János Zsinka

Personal information
- Date of birth: 2 October 1965 (age 60)
- Place of birth: Szentendre, Hungarian People's Republic
- Height: 1.70 m (5 ft 7 in)
- Position: Forward

Youth career
- 1976–1981: Dunaújváros FC (1952)

Senior career*
- Years: Team / Apps / (Gls)
- 1982–1983: Fehérvár / 13 / (1)
- 1983–1984: Volán / 15 / (2)
- 1984–1988: Ferencváros / 80 / (5)
- 1988–1989: Dunaújváros FC (1952) / 24 / (5)
- 1989: Budapest Honvéd / 3 / (0)
- 1989–1990: Békéscsaba 1912 Előre / 20 / (3)
- 1990–1992: Újpest / 29 / (6)
- 1993: Vác FC / 7 / (1)
- 1993–1994: Lourinhanense / 29 / (13)
- 1994–1996: Espinho / 5 / (0)
- 1996–1997: Soroksári TE / 18 / (3)

International career
- 1989: Hungary / 1 / (0)

= János Zsinka =

Hungarian footballer

János Zsinka (born 2 October 1965) is a Hungarian former professional footballer who played as a forward.

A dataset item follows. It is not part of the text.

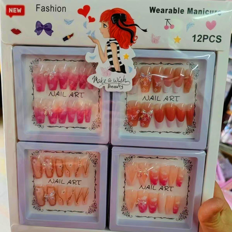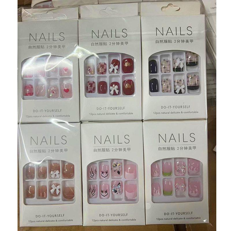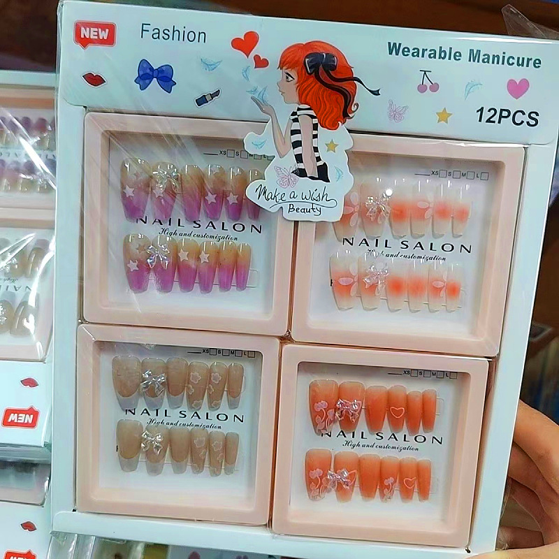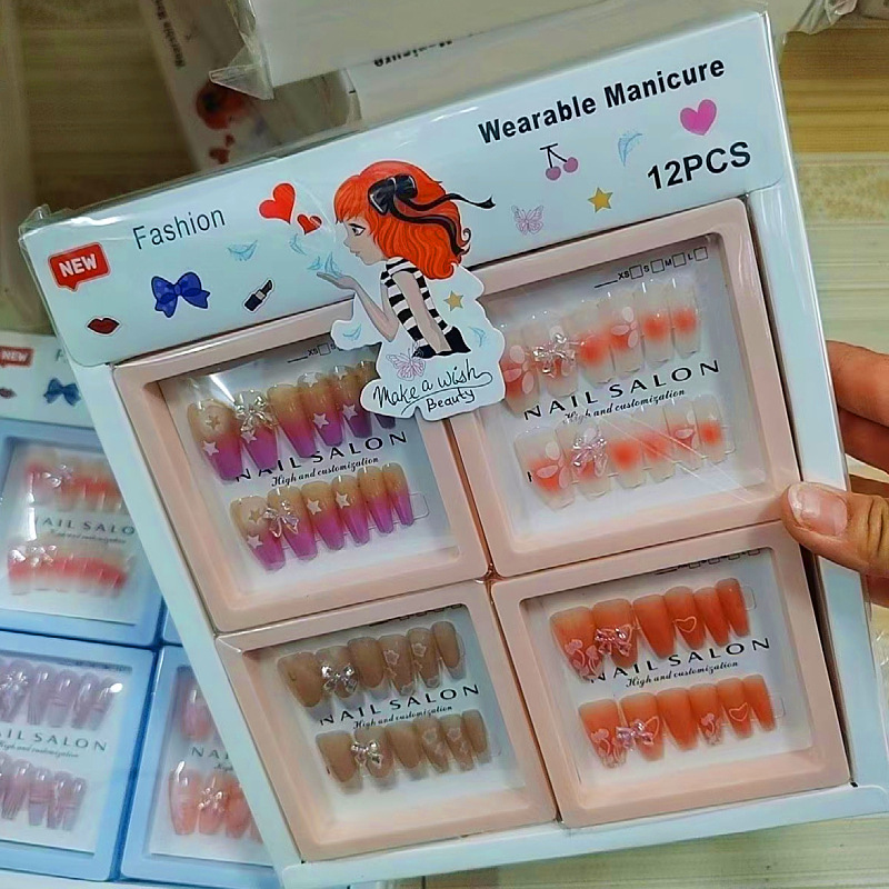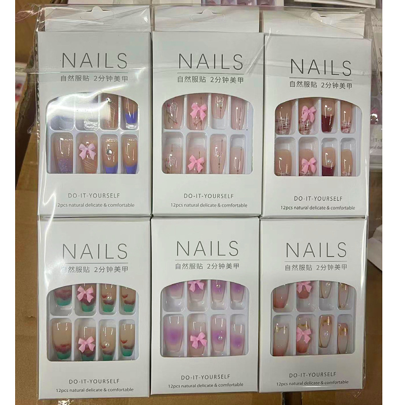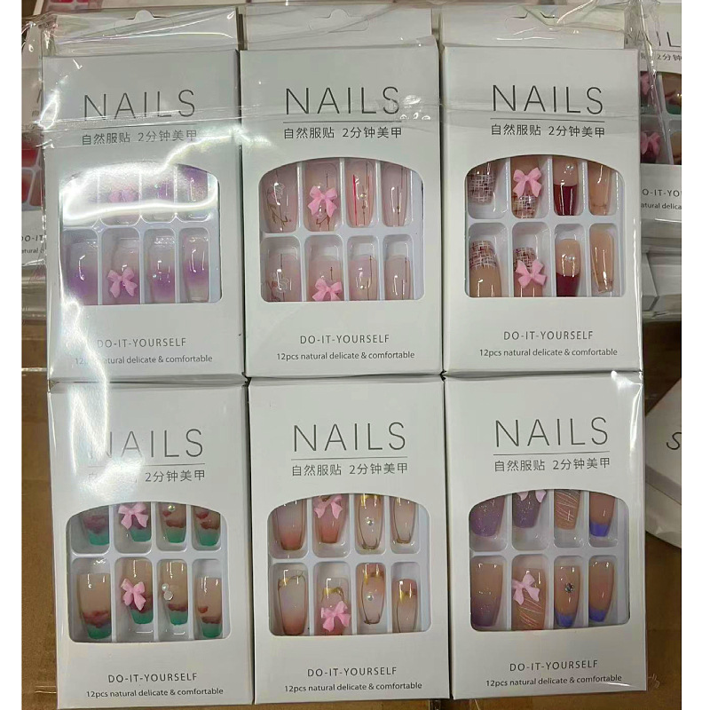 产品美甲穿戴式可拆卸学生美甲贴指甲贴片中长款法式蝴蝶结美甲片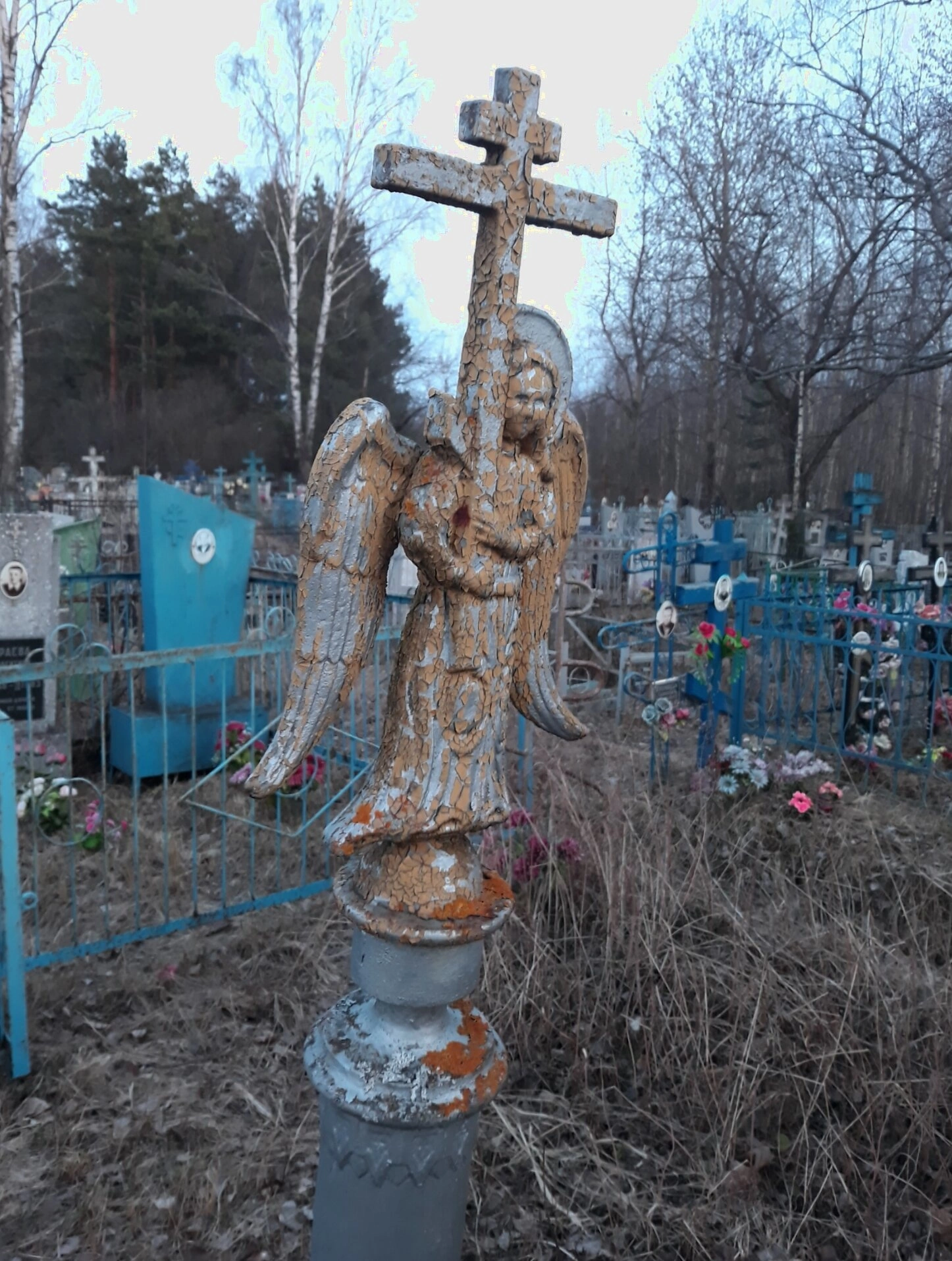 На представленной фотографии запечатлен фрагмент церковного кладбища при Спасо-Преображенской церкви в деревне Сухаренки Городецкого района Нижегородской области. В центре композиции находится монументальное надгробие в виде скорбящего ангела, держащего православный крест. Памятник выполнен из металла с золотисто-белым покрытием, которое со временем подверглось естественному старению, местами проявились следы потускнения и облупившейся краски, что придает образу особую душевную глубину и напоминает о бренности земного бытия.

He made one appearance for the Hungary national team.

== Club career ==
Zsinka played for Ferencváros from 1984 to 1989 and for Újpest from 1990 to 1993, where he was a member of the 1992 Hungarian Cup winning team.

After 1993 he played one season for Lourinhanense and two seasons for Espinho in Portugal. He then played for Soroksár SC, where he finished his active sports career.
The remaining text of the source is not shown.